I was dreaming about buying a holiday appartment in the French alps as you can rent out all year round. However French inheritance laws and a complex tax system would put me off.

MoominMammasHandbag Tue 29-Oct-13 23:12:49

I don't think I would be brave enough to buy property abroad but buying a holiday let is an interesting idea. Somewhere like the Lake District probably has a long season.
We put a decent sum into the stock market straight after the crash about four years ago, and obviously it has done really well now. But it seems a bit mad to buy shares when the stock market is on a high.
Has anyone on here taken the plunge into early retirement?

Lonecatwithkitten Wed 30-Oct-13 08:03:35

With help from my IFA I have a mixture of commercial property, shares and bonds.
I like commercial property a lot yes it's value doesn't change a lot, but it does tend to have a much better yield (that's why pension companies like it so much). My commercial property I spent 125K on it then 50K refurbishing and get £13,000 rent per year due or review next year and have a lovely long term tenant on a 25 year repairing lease - yes commercial it is not uncommon for the tenant to have to maintain the property..

Financeprincess Fri 01-Nov-13 05:57:51

With respect, Ananda, buying a house to live in isn't an investment decision. A home is not an investment.

I maintain that most people don't need a financial adviser. I find it strange that so much of the language used to describe different assets and investment products is complex and obfuscatory when the concepts are really quite simple.

Good luck with your choices, Moominmamma.

ReallyTired Fri 01-Nov-13 08:41:41

"With respect, Ananda, buying a house to live in isn't an investment decision. A home is not an investment."

A home can certainly produce money when you downside.

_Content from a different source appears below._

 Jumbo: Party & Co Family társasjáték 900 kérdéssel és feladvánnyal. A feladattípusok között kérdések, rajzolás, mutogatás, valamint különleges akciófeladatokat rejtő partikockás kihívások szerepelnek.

Financeprincess Fri 01-Nov-13 12:34:41

Yes, if you're lucky. It still doesn't make a home an investment. Ananda appears to suggest that people who bought a house at the top of the market and now find themselves in negative equity made poor investment decisions, which they may not have made had they consulted a financial adviser. I disagree, because 1. you buy your home to live in, not as an investment and 2. financial advisers are no better able to predict the future prices of assets than anybody else; actually, most would have taken the opportunity to flog a mortgage and various insurance products!

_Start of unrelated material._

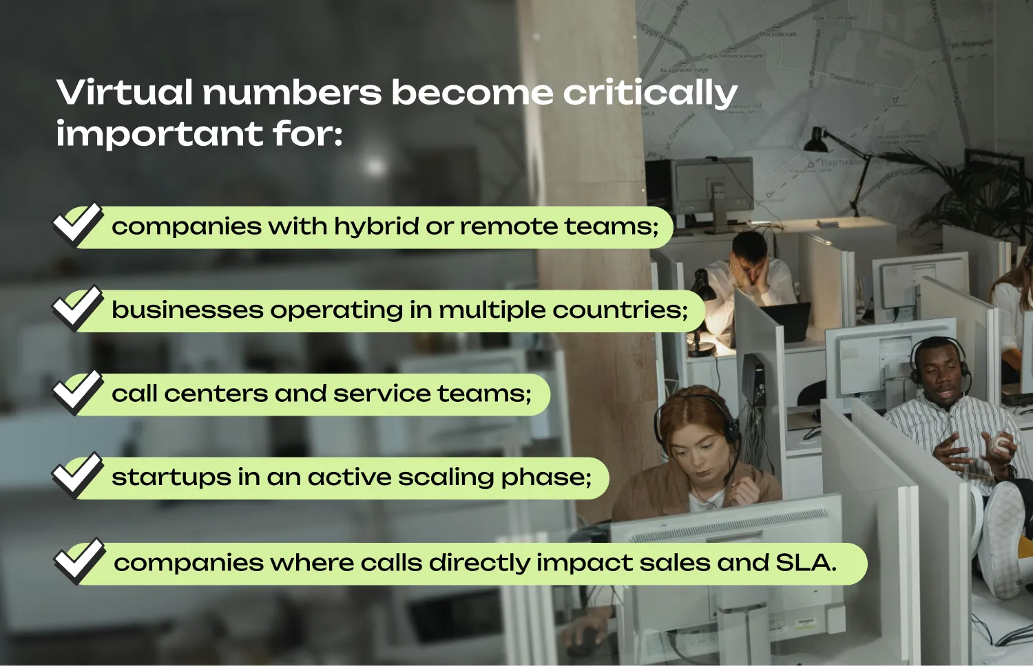 This explains why, according to industry analytics, switching to VoIP and virtual numbers allows businesses to reduce telephony costs by 50–75% by eliminating inefficient infrastructure rather than lowering tariffs.

ReallyTired Fri 01-Nov-13 13:31:49

A financial advisor does not have a crystal ball. If anyone could find a way that was guarenteed to make money then they would. I suggested a holiday home as the poster could get enjoyment in retirement from having a holiday home as well as money.

Needmoresleep Fri 01-Nov-13 13:37:23

We are in a not dissimilar position in that we ended up with some unplanned BTL about 15 years ago which has done extremely well. Apart from that and some work pensions we are only just now in a position to start putting money aside.

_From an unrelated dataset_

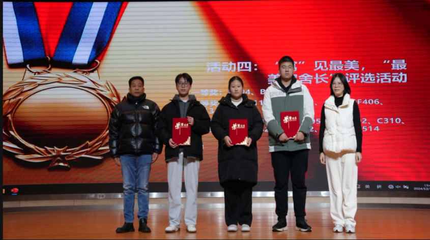12月11日下午,我校2024年“宿舍文化節(jié)”評比頒獎儀式暨宿舍長培訓講座在大禮堂舉行。學生工作處副處長籍鑫慧,后勤管理處宿舍負責人,銀城物業(yè)總經(jīng)理,各學院學工領導參加頒獎儀式,并為獲得獎項的寢室學生代表發(fā)獎狀和獎品。

Our first thoughts were to try to rebalance our portfolio by putting as much as we had into a SIPP through HL. Rather than pay for advice we planned to use a conservative distribution (mainly UK but some European, US and Asian shares etc) and rely on trackers.

However change of plan and we are buying a holiday let close to my mum. A bit like your own home, not really an investment. However we will get more utility as we can use and lend to family during the off-peak, and gain some return by letting through peak season.

The real problem with BTL is that you either lose a lot of your potential return by paying agents to manage, or you do it yourself and so become pretty tied. It is no fun sitting in a ski chalet with dodgy reception trying to sort out a locksmith or a plumber.

I would start out by deciding how you see your retirement and fit investments to match. If you fancy a round the world cruise you are better with stocks and shares. If you dont mind a bit of DIY and quite like dealing with tenants, then BTL allows you a practical part time retirement job and if you are sensible, can produce both income and capital returns.